WHAT TO PRODUCE:
What you return should be only the lines in the entries below between the one holding "体)、DNA、RNA和蛋白样品。Cryo.s TM 产品用聚丙烯制作,具有高耐热性,可在-196°C" and the one holding "Similarly, the Delta", ends included, with every picture left out.

DATA TO EXAMINE:
◆ ◆ ◆ ◆ ◆

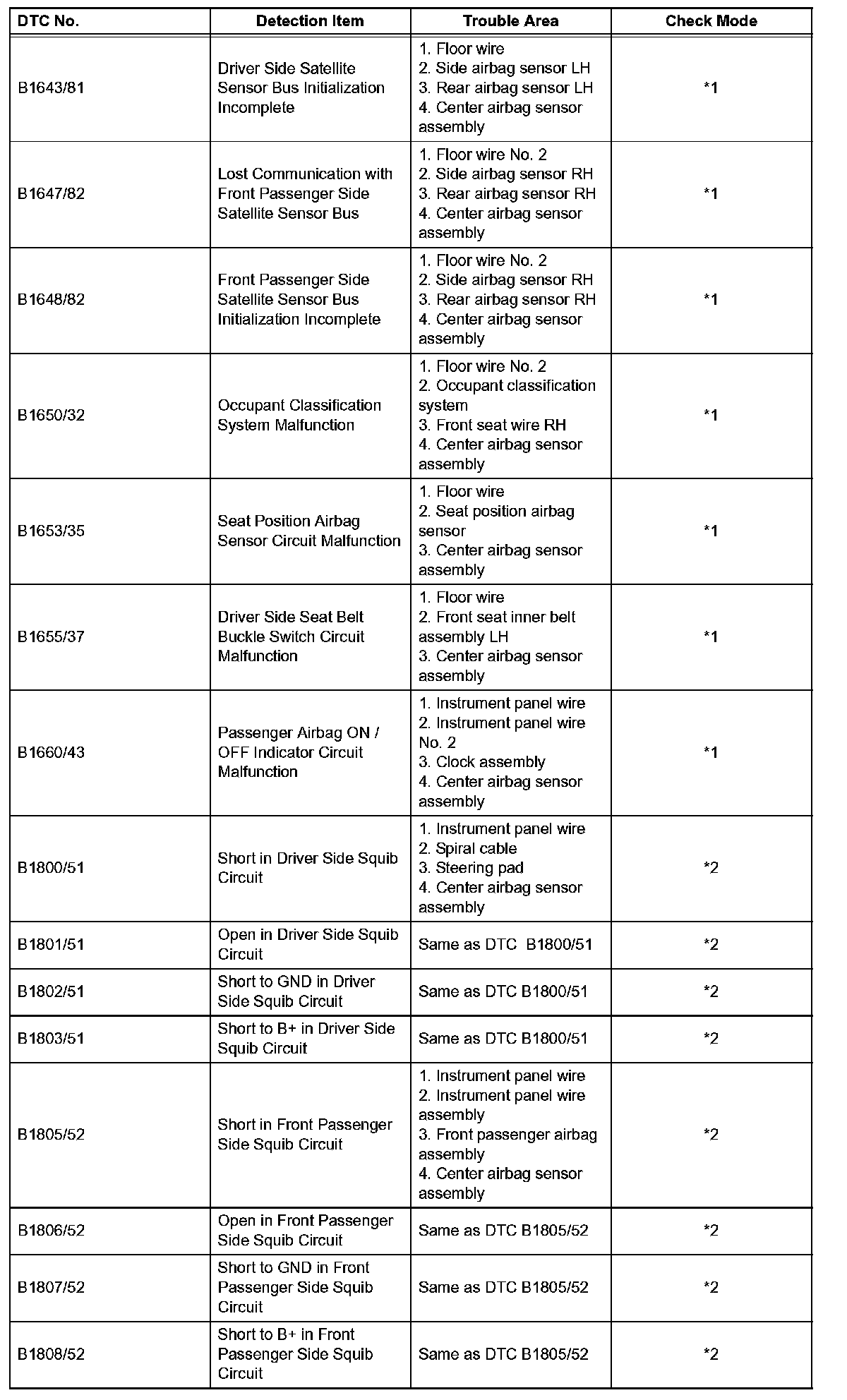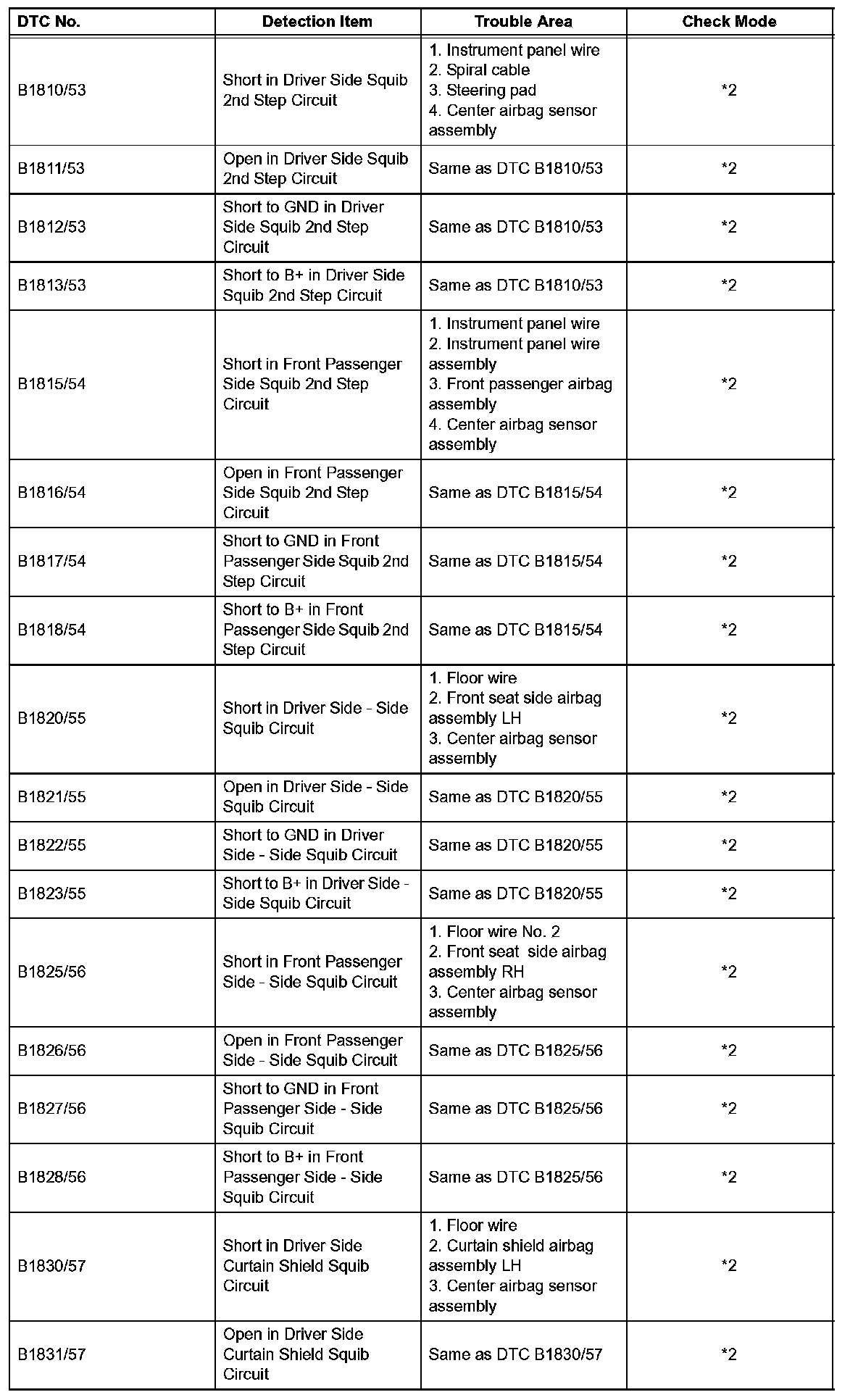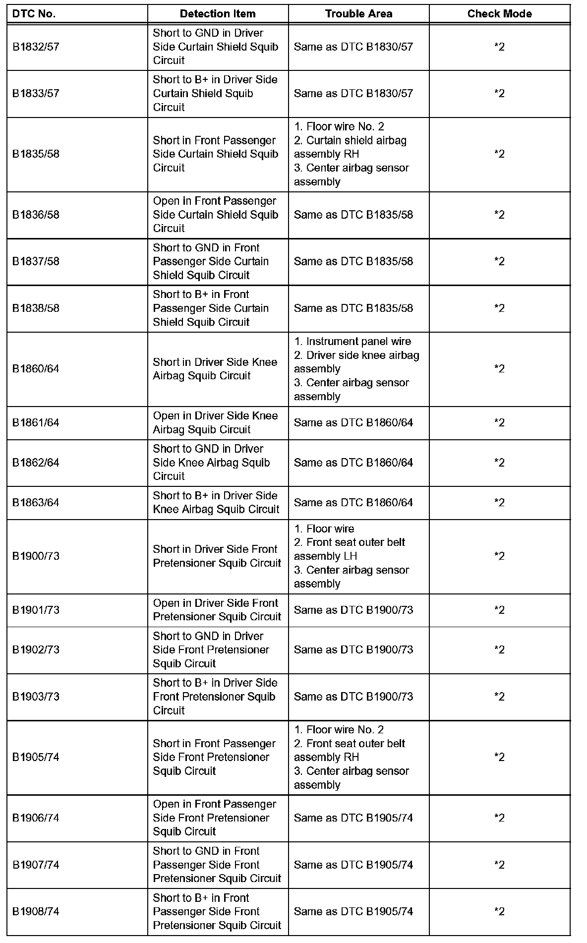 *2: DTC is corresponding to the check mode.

◆ ◆ ◆ ◆ ◆

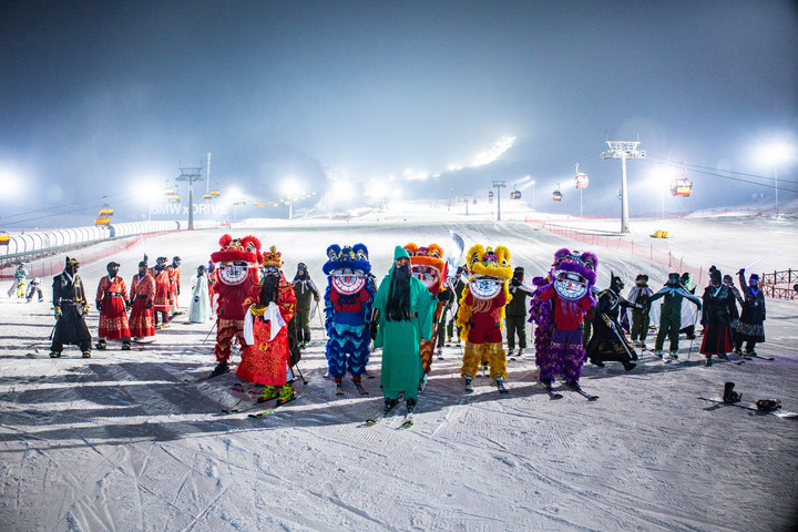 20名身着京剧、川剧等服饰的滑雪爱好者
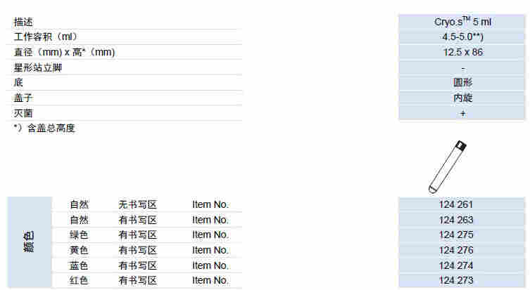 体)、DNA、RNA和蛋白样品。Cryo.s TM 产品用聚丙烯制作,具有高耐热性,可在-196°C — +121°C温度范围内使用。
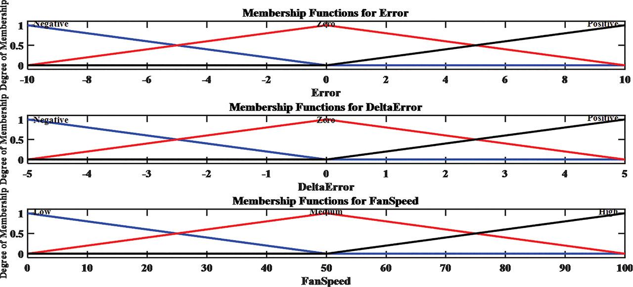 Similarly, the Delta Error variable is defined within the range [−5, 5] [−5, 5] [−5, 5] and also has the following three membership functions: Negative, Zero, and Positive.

◆ ◆ ◆ ◆ ◆

SOLUTION TO THIS TASK:
 体)、DNA、RNA和蛋白样品。Cryo.s TM 产品用聚丙烯制作,具有高耐热性,可在-196°C — +121°C温度范围内使用。
 Similarly, the Delta Error variable is defined within the range [−5, 5] [−5, 5] [−5, 5] and also has the following three membership functions: Negative, Zero, and Positive.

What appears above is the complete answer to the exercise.